Adrienne Standley is the deputy design and digital director for the Pennsylvania Policy Center and a passionate harm reductionist and LGBTQ+ rights activist living in Philadelphia. They’re a policy nerd and community organizer with a fine art degree from Arcadia University and additional experience in small business operations, management, and e-commerce.

Dwayne J. Heisler serves as the campaign director for the Pennsylvania Policy Center, where he leverages more than two decades of experience in political organizing and progressive leadership. With deep expertise in state-level lobbying, legislative strategy, and coalition building, Dwayne has successfully led numerous campaigns focused on advancing key progressive policies in Pennsylvania.

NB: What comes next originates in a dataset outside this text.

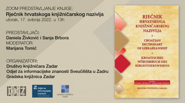 Danas je, u organizaciji Društva knjižničara Zadar, Gradske knjižnice Zadar i Odjela za informacijske znanosti Sveučilišta u Zadru predstavljena knjiga „Rječnik hrvatskoga knjižničarskog nazivlja“. O knjizi su govorile prof. dr. sc. Daniela Živković i dr. sc. Sanja Brbora, a razgovor je moderirala izv. prof. dr. sc. Marijana Tomić, pročelnica Odjela za informacijske znanosti.

Before joining the Pennsylvania Policy Center as director of policy and research, Laura served as a post-doctoral associate at the Center for Women and Work at Rutgers University, where she conducted state-level research on child care policy, labor market outcomes, and gender equity. Previously, she was a fellow at Voices for Utah Children, where she worked on economic justice initiatives related to family well-being and early childhood education. Laura holds a doctorate in economics from the University of Utah and an undergraduate degree in quantitative economics and econometrics from the University of South Florida. Her work has been published in peer-reviewed journals such as the Journal of Economics, Race, and Policy, and Œconomia.

Castin Stone is a policy analyst with the Pennsylvania Policy Center. Before joining the Center, he worked in Addison County, Vermont, in order to assess housing needs and water quality while working on his degree in environmental studies and geology at Middlebury College. Castin is passionate about geographic data analysis, best practices in data governance, and making opaque statistics into accurate and compelling stories.